» THE DATA:
= = = = =

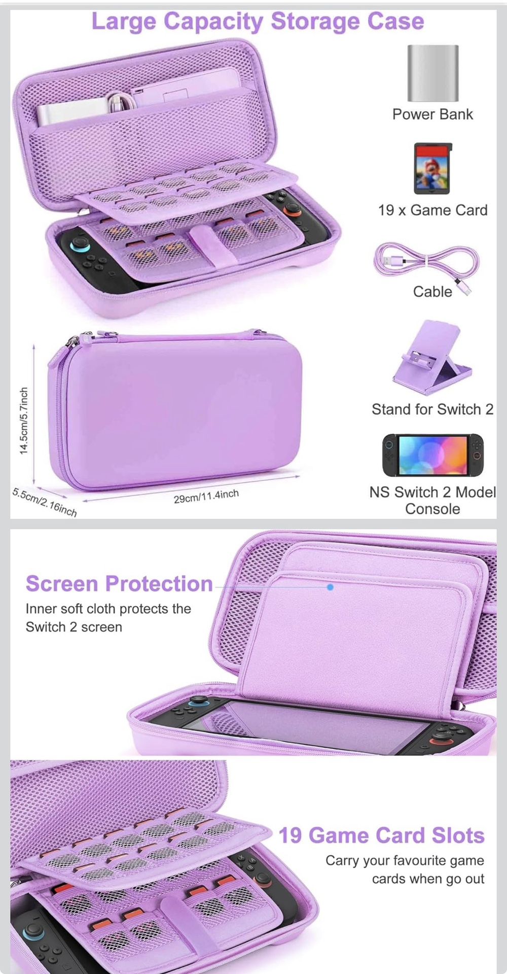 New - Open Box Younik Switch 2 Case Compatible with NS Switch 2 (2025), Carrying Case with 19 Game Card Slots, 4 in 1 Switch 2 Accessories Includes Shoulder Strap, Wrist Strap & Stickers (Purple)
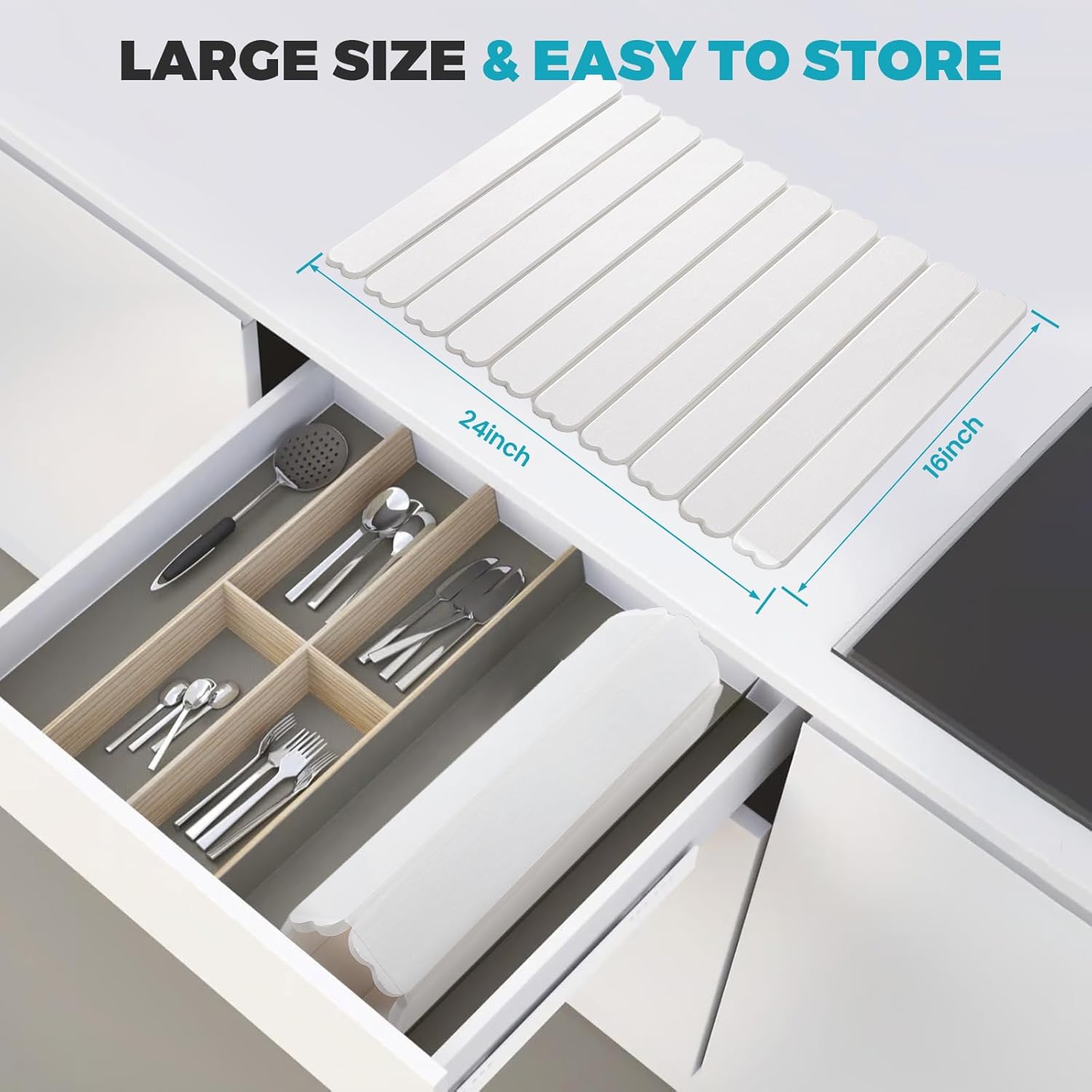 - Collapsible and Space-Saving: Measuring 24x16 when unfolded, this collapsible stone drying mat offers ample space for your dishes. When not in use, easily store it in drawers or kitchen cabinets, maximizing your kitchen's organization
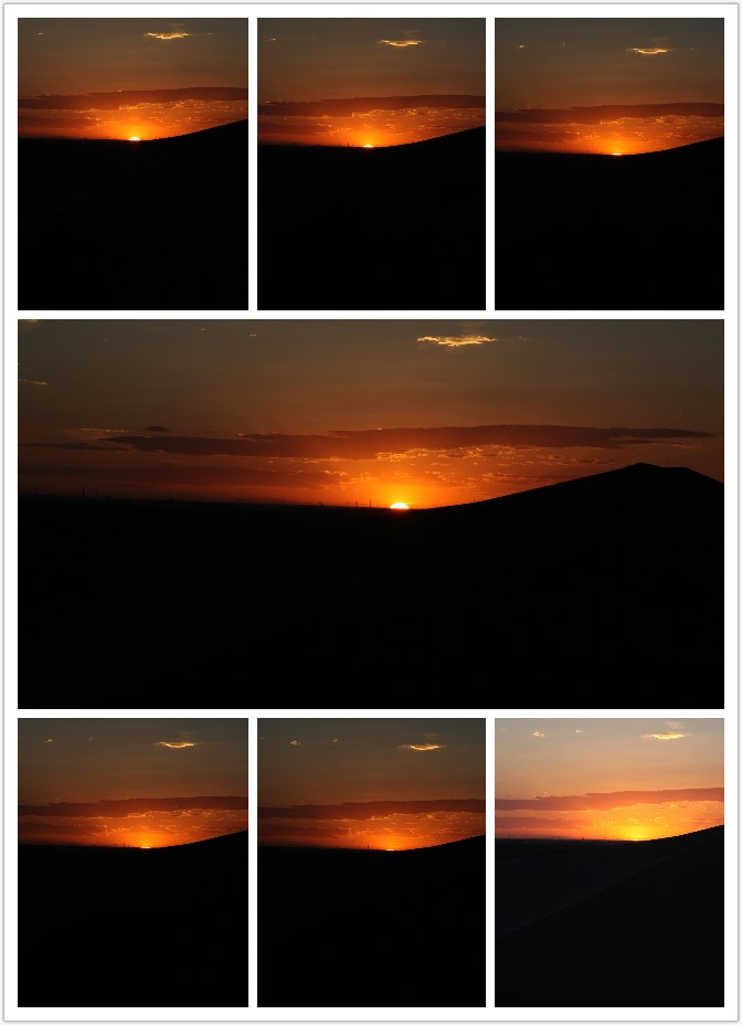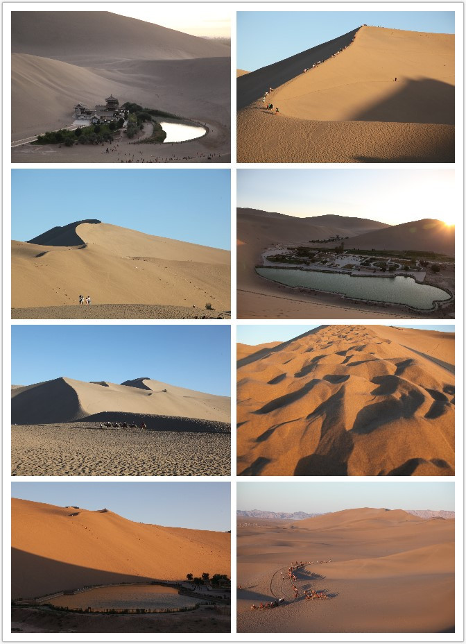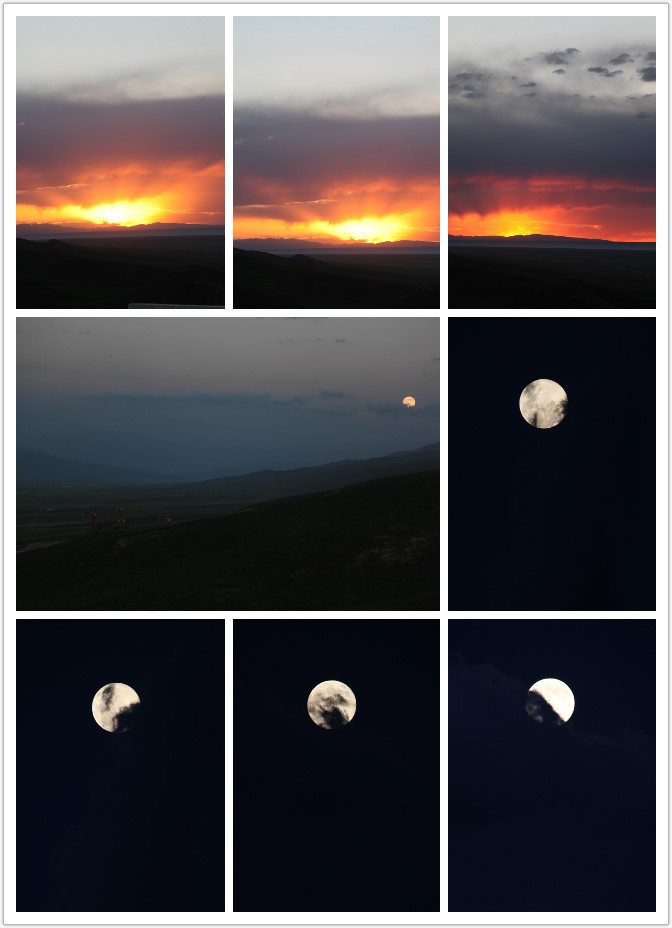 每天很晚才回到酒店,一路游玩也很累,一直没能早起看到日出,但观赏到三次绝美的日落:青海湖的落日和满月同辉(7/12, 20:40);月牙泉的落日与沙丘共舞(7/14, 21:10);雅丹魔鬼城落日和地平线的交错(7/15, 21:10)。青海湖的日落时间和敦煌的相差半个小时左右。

= = = = =

» TASK ITEM: Your job is to repeat the data exactly, leaving each picture out.

» RESULT OF THE EXERCISE:
 New - Open Box Younik Switch 2 Case Compatible with NS Switch 2 (2025), Carrying Case with 19 Game Card Slots, 4 in 1 Switch 2 Accessories Includes Shoulder Strap, Wrist Strap & Stickers (Purple)
 - Collapsible and Space-Saving: Measuring 24x16 when unfolded, this collapsible stone drying mat offers ample space for your dishes. When not in use, easily store it in drawers or kitchen cabinets, maximizing your kitchen's organization
 每天很晚才回到酒店,一路游玩也很累,一直没能早起看到日出,但观赏到三次绝美的日落:青海湖的落日和满月同辉(7/12, 20:40);月牙泉的落日与沙丘共舞(7/14, 21:10);雅丹魔鬼城落日和地平线的交错(7/15, 21:10)。青海湖的日落时间和敦煌的相差半个小时左右。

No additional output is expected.